Retailers Using Customer Feedback to Improve In-Store Shopping Experience

Online shopping is all about convenience. With the click of a button, you can get exactly what you want delivered right to your front door, and that’s not an easy thing for traditional retailers to compete with. Especially with rising gas costs and increasingly busy family schedules, more and more people are shopping online rather than in stores. However, there is still considerable demand for physical, brick-and-mortar stores. And in an effort to improve the in-store shopping experience and motivate potential customers to venture outside their homes to shop, retailers all over the world have recognized the importance of relying on customer feedback.

Retailers vs. eCommerce Brands

The success of eCommerce presents a significant challenge for retail stores, and there are only so many ways retailers can compete with online shopping, the most effective being improving customer service. Statistics show that, after a negative in-store shopping experience, 58% of customers will never use the company again, 49% will tell their friends not to use the company, and 34% will take revenge by posting a negative review online. This isn’t just bad for the company’s image, it also has a significant impact on sales and revenue. In fact, each year, businesses lose roughly $62 billion due to poor customer service.

The bottom line is that online retailers like Amazon reign supreme, and it falls on retailers big and small to create better customer engagement and improve the overall in-store shopping experience to stay relevant. And what better way to find out how to do that than to ask the customers themselves? Making changes based on customer feedback is the key to customer satisfaction, and more and more retailers are relying on the reviews customers leave on feedback websites like eKomi-us.com to build deeper connections with them and improve the in-store shopping experience.

Retailers that Rely on Customer Feedback

Pearls of Joy, a pearl retailer headquartered in Los Angeles, California, has close to 100 customer reviews collected by eKomi-us.com, with an average star rating of 4.9 out of five stars.
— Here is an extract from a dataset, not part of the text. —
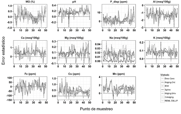 La Figura 7 muestra el error estadístico (SE) entre valores interpolados y medidos en cada punto de muestreo para todas las técnicas de interpolación.

Not only can customers rate the pearl retailer, they can share the pros and cons of their shopping experience at Pearls of Joy, helping other potential customers decide whether or not they want to visit the store and buy some pearls for themselves. When we buy pearls from a retailer like Pearls of Joy, we expect a certain level of customer service, and feedback companies like eKomi-us.com can help ensure a positive in-store shopping experience for the customer and retailer alike.

Other major retailers have seen the benefits of using feedback to improve their customer experience. Walmart, once known for its dismal customer satisfaction rating and its associated financial losses, finally began paying attention to what its customers had been saying for years: that the retailer needed to take a different tack or risk becoming obsolete. In an effort to recover its reputation, boost its financial outlook and improve the overall shopping experience at its stores, Walmart finally began putting customers first. The company asked customers to complete surveys rating its stores for a chance to win a $1,000 gift card, and used the feedback to implement much-needed changes company-wide, including shorter checkout lines, better customer service, cleaner restrooms and higher-quality products. Within a couple of years, Walmart had made significant changes to customers’ in-store experience, and the company began seeing its best ratings in years.

Trader Joe’s is another retailer that recognizes the importance of listening to its customers’ feedback. Each Trader Joe’s store, for example, carries a customized inventory, based on requests from actual customers, not from focus groups or call centers. Employees at Trader Joe’s have conversations with their customers to find out what products they want, and offer product samples that customers can try on the spot, so they can learn first-hand what works and what doesn’t. By customizing its inventory according to customer feedback, Trader Joe’s has cultivated a truly unique in-store shopping experience tailored to local shoppers, which keeps them coming back for the products they want. As Trader Joe’s VP of marketing, Audrey Dumper, says, “We like to think of Trader Joe’s as an economic food democracy.” And it’s an outlook that works.

Improving the In-Store Shopping Experience

In today’s digital economy, it’s more difficult than ever for retailers to give customers a satisfactory experience that rivals the convenience and simplicity of online shopping. But it’s not impossible. Listening to customer feedback can help reveal specific areas where retailers can improve the in-store shopping experience, and following up on these changes can go a long way towards improving engagement and building customer loyalty. Customers still value the experience of in-person communication and seeing products first-hand, and making an effort to improve that experience is how brick-and-mortar stores can keep customers coming back for more.